Istanbul, February 16, 2016 — Turkish authorities should immediately release Feyyaz İmrak, a correspondent for the pro-Kurdish Dicle News Agency (DİHA), the Committee to Protect Journalists said today.
Police on February 11 searched İmrak’s home in Antalya, on Turkey’s southern coast, confiscated his reporting equipment and notes, and arrested him, according to local press reports. He appeared before an Antalya criminal court on February 15 to hear the state’s charges that he belongs to the Kurdish Workers’ Party (PKK), which the Turkish government has designated a terrorist organization, according to press reports. İmrak is currently held at Antalya Prison, pending trial, his lawyer, Sidar Öztürk, told CPJ.
“We call on authorities in Antalya to release Feyyaz İmrak immediately and allow him to report without fear of reprisal,” CPJ Europe and Central Asia Program Coordinator Nina Ognianova said from New York. “Turkey must stop using its overbroad anti-terrorism laws to stifle press coverage it deems undesirable.”

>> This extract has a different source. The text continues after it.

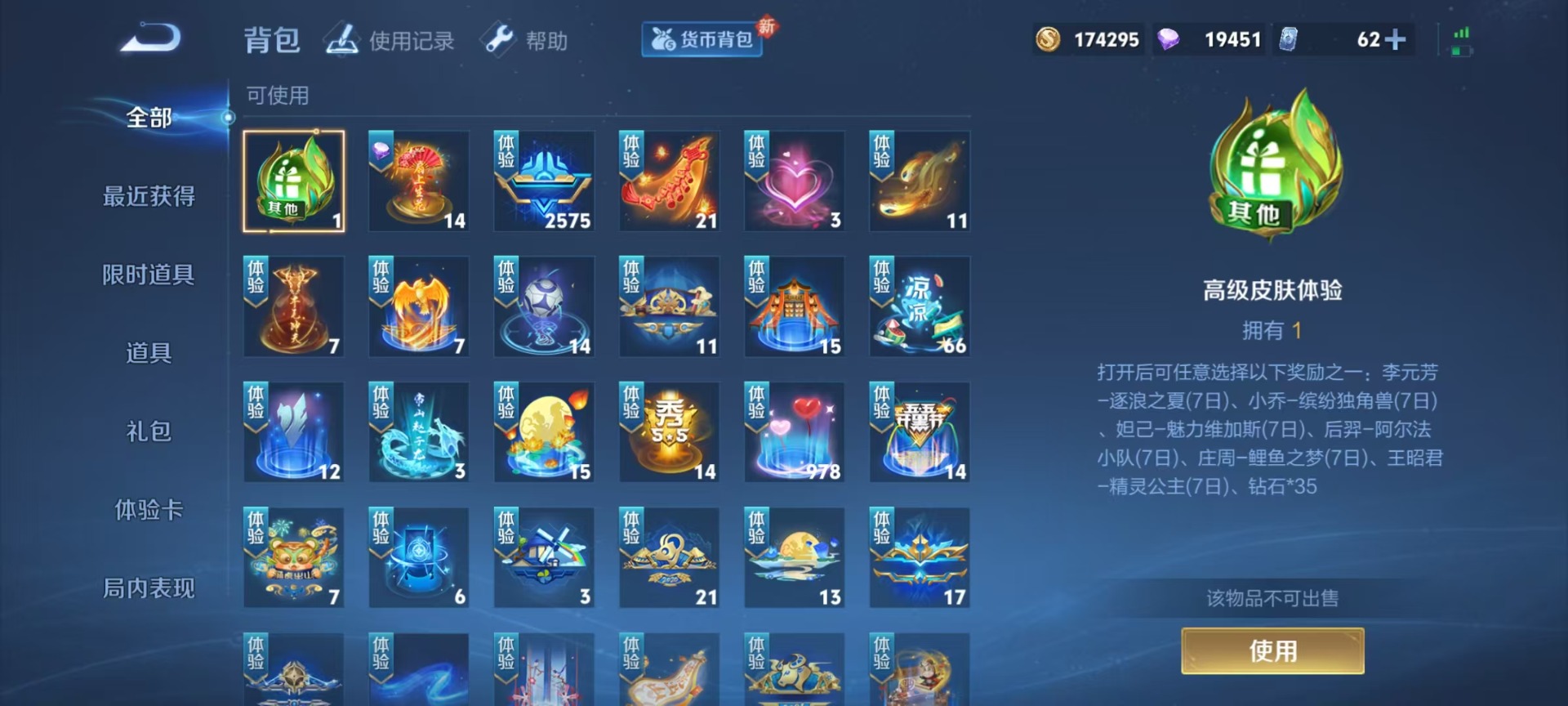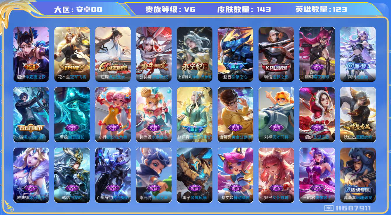 - [12294750]V7 1典藏 1珍品传说 8传说 125英雄 277皮肤 可修改实名 优质装备:鸣剑·曳影,怪盗基德,炽阳神光,一念神魔,千山共赴,涂山容容 传说皮:吕布曦玄引,幻光神枪 珍宝阁皮:万物之道,蔷薇恋人,玩趣恶龙 限定皮:愿照·九州拓(澜年限),愿照·山河定(司空震年限),逐霄战戟,鸣野蒿,神威(电光马子),高山流水,五谷丰年,冰锋战神,御风骁将(吕布年限),李小龙,圣诞老人,默契交锋-花木兰,孙行者,猪悟能 史诗皮:器灵·浮梦炉,糖绘人间,龙之律动,茶境仙,蒙犽顽岩魄,破空之剑,百相守梦-黄忠,星界战将,紫霞仙子,黄金分割率,特工魅影,千年之狐,永昼,江河有灵,高渐离燃音魔法,蒙恬荣光圣徽,魅语,偶像歌手,电玩·爆裂旋风,末日机甲-吕布,猫狗日记-孙策,乱世虎臣,节奏热浪,摇滚巨星,水果甜心,绅士熊喵,天才门将,星夜王子,时之奇旅-安琪拉,功夫厨神,德古拉伯爵,暗隐猎兽者,幽灵船长,鬼剑武藏,地狱岩魂,缤纷独角兽,乘风破浪,逐浪之夏,月团寄思,水晶猎龙者,曙光守护者,箭羽风息,金属风暴,原初追逐者,圣诞狂欢,鹰眼统帅,魅力维加斯,黎明之约,未来纪元-赵云

İmrak, who is also a university student, was detained in the course of an anti-terrorism investigation into the activities of students allegedly sympathetic to the PKK, according to prosecution documents reviewed by CPJ. Several other students have been detained in that investigation so far, according to those documents.
As part of his questioning by the Antalya Chief Prosecutor’s Office, interrogators asked İmrak about his presence at demonstrations in recent months against Turkey’s security crackdown in southeastern provinces of the country, which are heavily populated by ethnic Kurds, according to the prosecutors’ report. The journalist denied he was a member of the PKK, and said he was covering the rallies for DİHA, according to the report.
Interrogators also questioned İmrak about his telephone conversations and reporter’s notes from meetings with journalistic sources. İmrak denied all accusations of criminal activity during his interrogation and in his testimony to the Antalya court, according to prosecutorial and court documents, which CPJ has reviewed.
İmrak faces up to 15 years in prison if convicted on the charge of belonging to a terrorist organization.
Turkey remains among the worst jailers of journalists in the world. İmrak is at least the seventh Kurdish journalist Turkish police have arrested on suspicion of belonging to the PKK since December 1, 2015.